The most interesting blurb is from Scot McKnight:
Tom Wright has out-Reformed America's newest religious zealots--the neo-Reformed--by taking them back to Scripture and to its meaning in its historical context. Wright reveals that the neo-Reformed are more committed to tradition than to the sacred text. This irony is palpable on every page of this judicious, hard-hitting, respectful study.So D. A. Carson, Mark Seifrid, John Piper and others are "religious zealots" "more committed to tradition than to the sacred text"? Even if one grants that Carson, Seifrid, Piper, et al are exegetically wrong, I have a hard time seeing how this name-calling and accusation is fair, charitable, or appropriate. The other blurbs, fortunately, are more irenic.
A few more thoughts:
(1) I like Scot too, and appreciate a lot of what he does and is trying to do.
(2) He gets rightly frustrating at lumping diverse folks into one camp and label, especially when that label is "Emergent."
(3) He makes no distinctions whatsoever in this blurb--it's just one group, the "neo-Reformed."
(4) He is right that such a group exists--folks who tend to return to tradition more than Scripture and functionally elevate the former above the latter.

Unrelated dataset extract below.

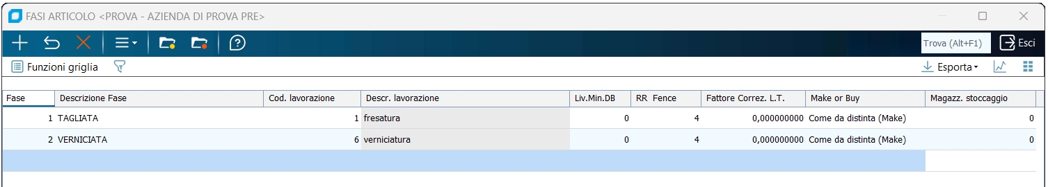 NB: un articolo Conai non può avere come figlio un articolo gestito a fasi.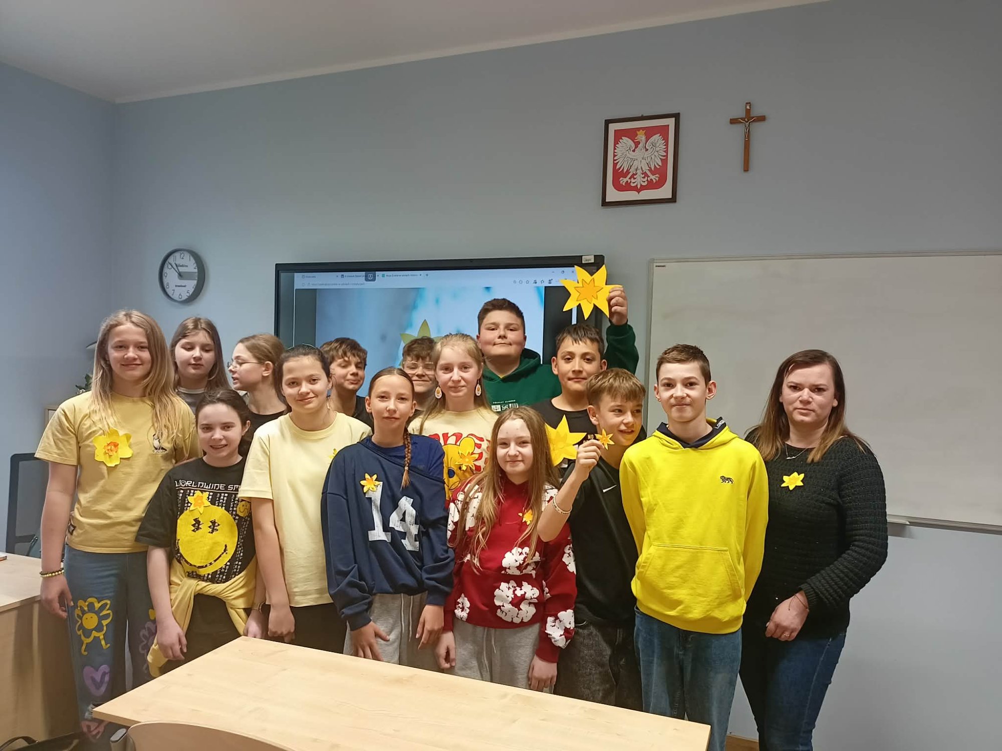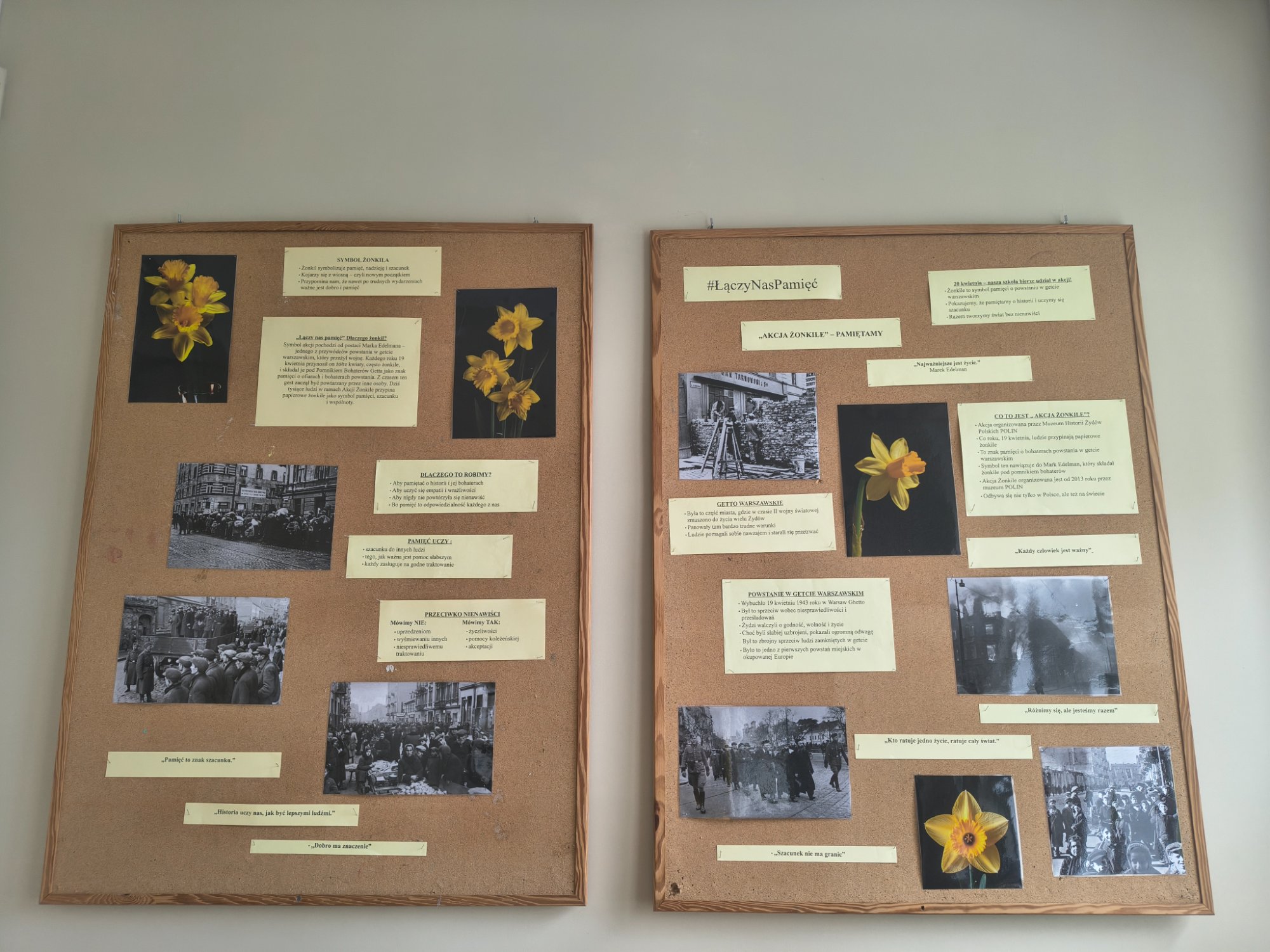 Na szkolnym korytarzu pojawiły się symboliczne bukiety z żonkili oraz gazetka tematyczna, która przybliżała ideę akcji i jej znaczenie. Całe wydarzenie było ważną lekcją wrażliwości, empatii i pamięci o przeszłości, a także okazją do wspólnego przeżywania wartości, które są fundamentem współczesnego społeczeństwa.

(5) If he is thinking of certain bloggers rather than people like Carson, Piper, Seifrid, then the blurb doesn't do a good job of conveying his intentions. Wright's book is a response (I presume) to written arguments by specific individuals (the aforementioned). To blurb it by saying that Wright's response reveals something about the "neo-Reformed," the standard rules of discerning authorial intent would suggest he is including said scholars in that category.